Other speakers included Principe Gabriel González, an advocate for better treatment of Colombian political prisoners, who was himself imprisoned for a year after falsely being accused commanding a guerrilla force linked to the Revolutionary Armed Forces of Colombia, or FARC.

After being acquitted in 2007, he was sentenced to seven years in prison for the same charges in March, though that decision has since been appealed to the Colombian Supreme Court and the arrest warrant suspended.

This is one of many cases of baseless accusations being made against human rights defenders in Colombia with the aim of limiting and undermining their work, repeated several speakers. Another effect, according to Human Rights First, is that being charged with being a guerrilla can often draw attacks from right-wing paramilitary groups, even after the charges have been dropped.

Reynaldo Villalba Vargas, president of the José Alvear Restrepo Lawyers’ Collective, also testified. His organisation has been particularly critical of the right-wing Uribe government and has been one of the main organisations targeted by operations like those of DAS.

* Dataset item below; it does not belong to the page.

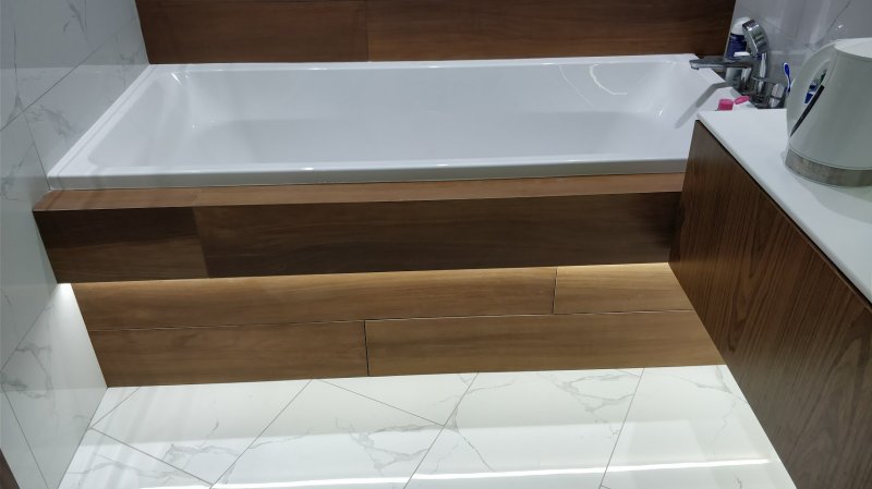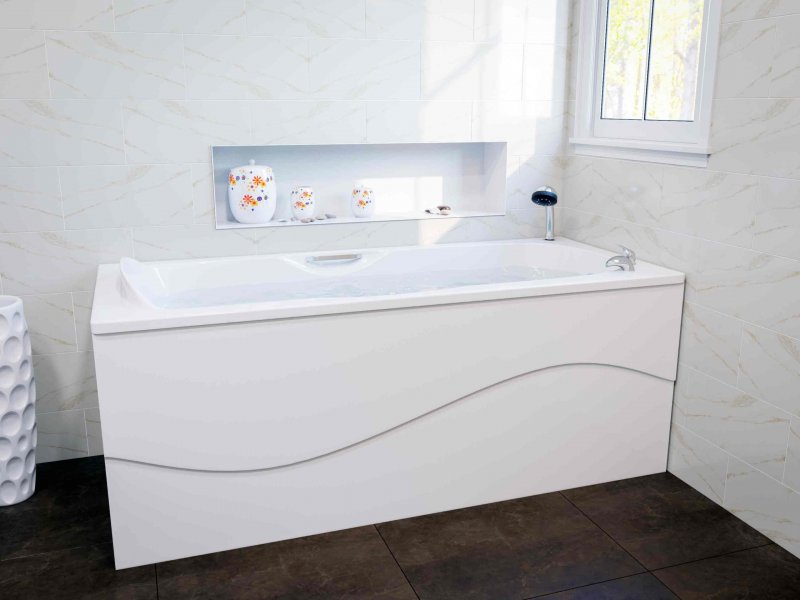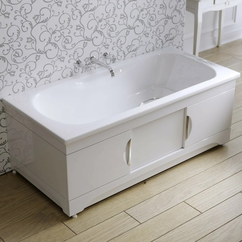 - декоративное «заграждение» не должно мешать комфортному использованию. Если снабдить панель ножками, оставить щель или выемку для ног, будет гораздо удобнее чистить ванну или купать в ней ребенка – пальцы ног не будут упираться в стенку и наклоняться станет гораздо проще. Такие приспособления позволяют быстрее заметить воду, скопившуюся под ванной и устранить ее;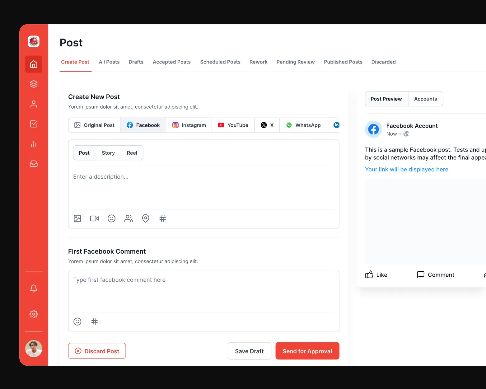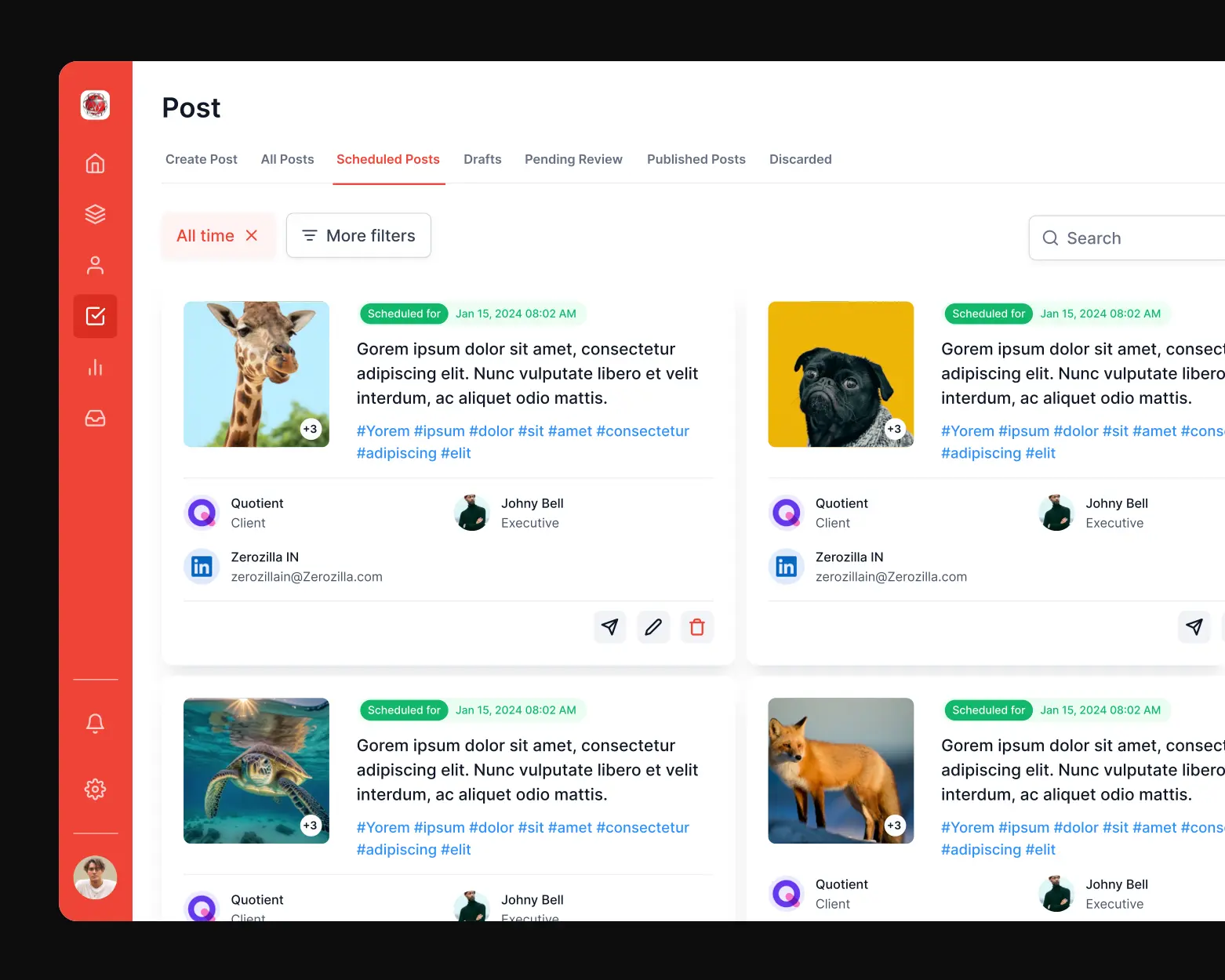Assign roles, manage teams efficiently with Team Management, and onboard clients seamlessly with Client Management, ensuring smooth workflow coordination and content approvals.

Alirio Uribe, a human rights lawyer with the group, told The New York Times in September, “Chills went down my spine when I discovered the lengths that DAS went through to watch my every movement.” The file he obtained of the espionage included photos of his children and evidence DAS had gone so far as to rent an apartment across from his home, according to the Times.

Files such as these should be destroyed, Margaret Sekaggya, U.N. Special Rapporteur on Human Rights Defenders, told the hearing Tuesday.

Rep. James McGovern, co-chairman of the committee, then pointed out that these files had been shared with the U.S. and other governments and that they had led to the delays in obtaining visas for the speakers from Colombia. González’s visa had taken four months to obtain, according to Hudson, and then only with the influence of McGovern.

Sekaggya visited Colombia on a fact-finding mission from Sep. 7 to 18, after which she said “much remains to be done to ensure a safe and conducive environment for human rights defenders” in Colombia.

“The government should investigate and prosecute those who have threatened [the defenders]”, she said Tuesday, and emphasised the systematic stigmatisation of defenders by government officials accuse them of being guerrillas.

Following a meeting with Sekaggya on her earlier trip, Álvaro Uribe said “The defense of human rights is a necessary and legitimate action for democracy in a country like Colombia which is proud to be completely open to international scrutiny in this field”.

Tuesday, she said, “Now the government must keep its promise.”